How many boards can a director sit on with minimal risk?

Directors of companies with experience are in high demand and this may see many hold the position in multiple structures. How does this affect their work, if it affects it at all.

How many boards can a director sit on with minimal risk?
  • Former Twitter director Egon Durban almost lost his seat because he was sitting on seven boards.
  • In the US, institutional investors have opposed the election of directors with more than five boards. 
  • In the UK, institutional investors consider a director holding more than five seats as overboarded. Board chair counts as two seats, and Executive Director counts as three seats.

Through their occupation in different organisations, they are able to get more knowledge, experience and access to resources and networks. This increases their value to the companies they work for.

However, sitting on too many company boards might make them 'overboarded'. The directors may not be able to spread their time and capacity evenly to do a great job on each board.

Twitter only agreed to keep former Director Egon Durban when he accepted to decrease his board seats to five.


"Overboardedness should be assessed on a case-by-case basis. This is because directors’ experience, capabilities, knowledge and commitment varies from one individual to another. But there should be some limits to the number of boards a director serves because if they are overextended they put themselves and the companies they serve at risk," says Rehana Cassim, Professor in Company Law, University of South Africa.

  1. Puts directors at risk of personal interest conflicting with their duties to a company. These duties include acting in good faith, loyalty and honesty towards the company's best interest.
  2. Increased responsibility means directors need to be up to date with each company by attending meetings and efficiently oversee boards. New responsibilities include shareholder activism, increased need for cybersecurity, global energy issues and corporate governance. Any mishap in any of these responsibilities could spell doom for the director and the company.
  3. Breach could result in disqualification from the position and a ban.
  4. Neglecting duties could result in dismissal by the board or shareholders.
  5. Serving competing companies could introduce complicated conflicts of interest.

It depends on "the type of company, its size, and the complexity of the industry. It is difficult to place a hard limit on the number of board seats that directors may hold," says Cassim.
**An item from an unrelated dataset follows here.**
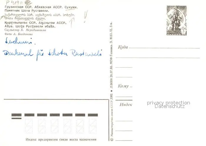 Suchumi Demkmal Rustawelie Suchumi postalisch nicht gelaufen nach 1965 Erhaltung siehe scans [IrynaD87] Iryn PID

"For example, an executive director (a full-time director and employee of the company) with two additional directorships of listed companies may be overboarded, but an experienced non-executive director (a part-time director who is not an employee of the company) of two listed companies, a private company and a non-profit company, may be able to properly fulfil his or her board duties easily," she adds.

  1. The board or the nomination committee should consider the number of boards the director sits on, both listed and unlisted companies.
  2. Experience and background of director in managing his/her duties.
  3. Boards should consider competiting companies in director's experience and conflicts that may arise.
  4. Transparency from directors, about their experience and other boards they serve. They should also present new directorships they accept while serving a board.
  5. Evaluations should give indicators that a director is overboarded or not. This way, steps can be taken to manage the conditions.
  6. Companies should have policies and regulations about overboarding.
  7. Directors should avoid taking on directorships they cannot handle or more than they are equipped to handle.